One-shot Learning Explained, How It Works & How To Tutorial In Python

by | Aug 24, 2023 | Data Science, Machine Learning

What is one-shot learning?

One-shot learning is a machine learning paradigm that trains models to recognize new objects or patterns based on a single example or a minimal number of examples. Traditional machine learning algorithms often require large amounts of labelled data for training. However, in many real-world scenarios, obtaining such data can be expensive, time-consuming, or even practically impossible.

One-shot learning aims to bridge this gap by focusing on training models that can generalize from a single instance. The primary challenge in one-shot learning is to design algorithms that can effectively extract relevant features from the limited data available and make accurate predictions or classifications when encountering new, unseen examples.

one-shot learning : predict with only a single example

One-shot learning: generalise from a single example.

We often come across zero-, one- and few-shot learning. Have you ever wondered what the difference is?

What is the difference between zero-shot, one-shot and few-shot learning models?

Zero-, one- and few-shot learning are all techniques designed to address the challenge of learning from limited labelled data. Each approach refers to the number of examples available for training and the level of generalization required. Here’s a breakdown of the differences:

Zero-Shot Learning:

  • Number of Examples: The model is trained with no examples for certain classes.
  • Generalization: The goal is to classify instances from classes not seen during training. The model learns to generalize its knowledge to unseen classes.
  • Common Technique: Transfer learning, semantic embeddings, and attribute-based methods are often used in zero-shot learning. These approaches leverage auxiliary information about classes to perform classification.

One-Shot Learning:

  • Number of Examples: The model is trained with just one example per class in.
  • Generalization: The goal is to learn a representation that can differentiate between classes based on a single example.
  • Common Technique: Siamese, matching, and prototypical networks are often used in one-shot learning.

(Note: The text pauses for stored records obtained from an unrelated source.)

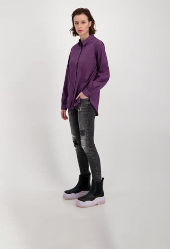 На сайте указаны российские размеры. Однотонная блуза-рубашка от monari. Стильная модель, которая вам понравится благодаря длинным рукавам с манжетами на пуговицах, длинному прямому крою с боковыми разрезами и удлиненному закругленному низу. Передняя часть имеет передний плечевой шов, накладной карман на уровне груди и планку на потайных пуговицах, а задняя часть украшена кокеткой с модной складкой. Рост модели 178 см Длина по спинке 44 размера составляет 79 см, а по переду – 74 см.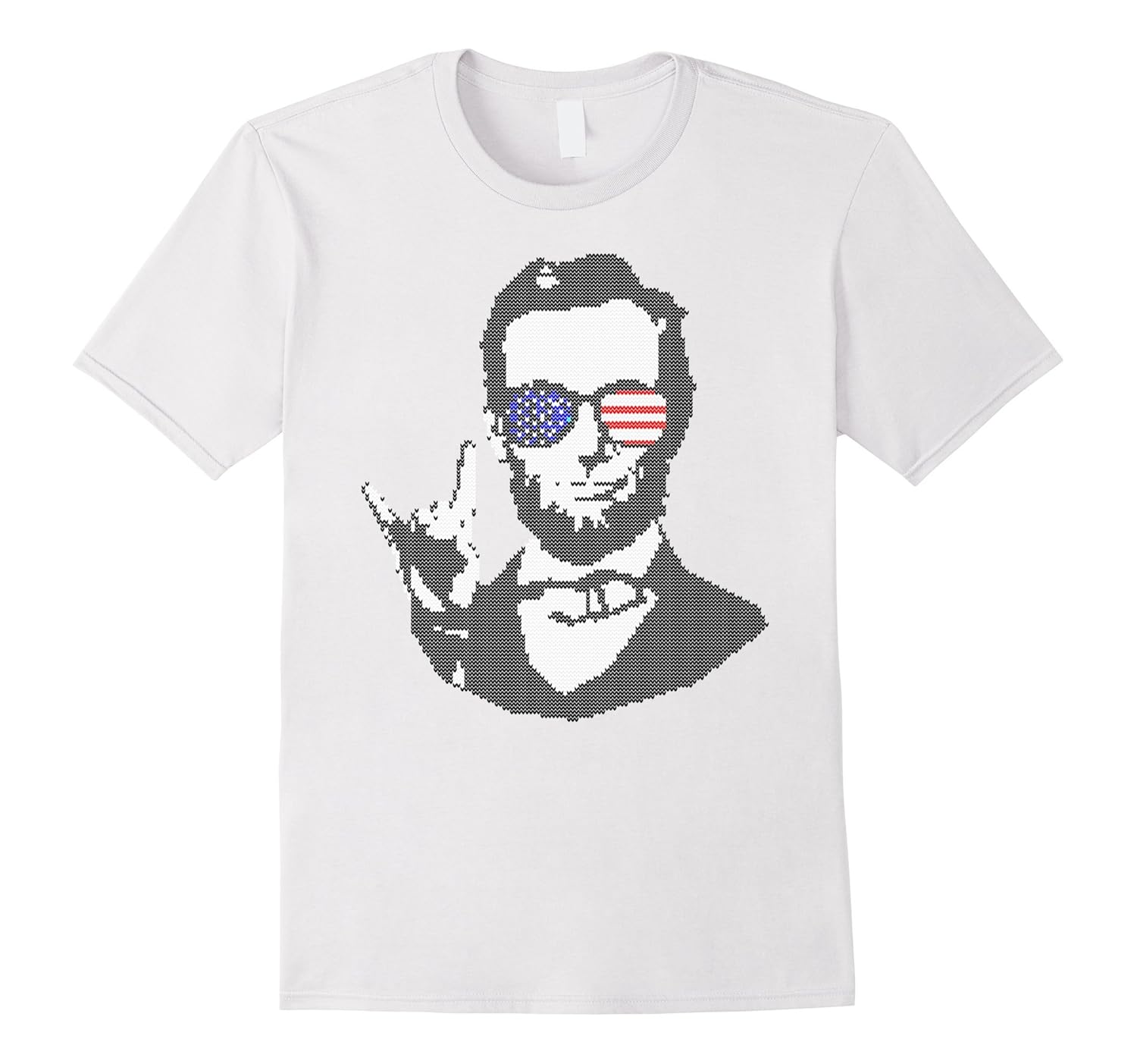 Solid colors: 100% Cotton; Heather Grey: 90% Cotton, 10% Polyester; All Other Heathers: 65% Cotton, 35% Polyester; Imported; Machine wash cold with like colors, dry low heat; Are you looking for a funny original Ugly Sweater Christmas? Look no further than this Abraham Lincoln funny shirt, featuring honest abe with an american flag sunglasses! Perfect for 4th of July, Christmas and any occasion; Great gift for men, women and kids; Lightweight, Classic fit, Double-needle sleeve and bottom hem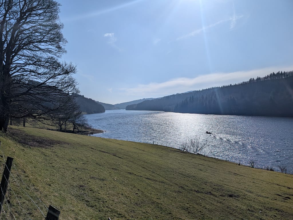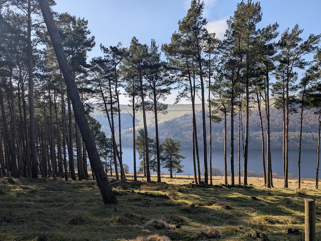 If you follow the footpath north and do not climb up on to Derwent Edge you can descend to the reservoir after about a kilometre. Turn left towards the woodland above Ladybower.

These architectures focus on learning relationships between examples.

Few-Shot Learning:

  • Number of Examples: This is a more general term that encompasses both one-shot learning and scenarios where a small number of examples (more than one) per class are available.
  • Generalization: The goal is to enable the model to classify instances from classes with very few training examples.
  • Common Techniques: These methods include variants of one-shot learning models and meta-learning strategies. These techniques teach the ability to adapt quickly to new tasks or classes.

The key differences lie in the number of examples available for training and the level of generalization required. Zero-shot learning deals with recognizing classes not seen during training, one-shot learning aims to classify with just one example per class, and few-shot learning encompasses scenarios where the training data is limited but consists of more than one example per class. All these techniques are important when collecting abundant labelled data is challenging or not feasible.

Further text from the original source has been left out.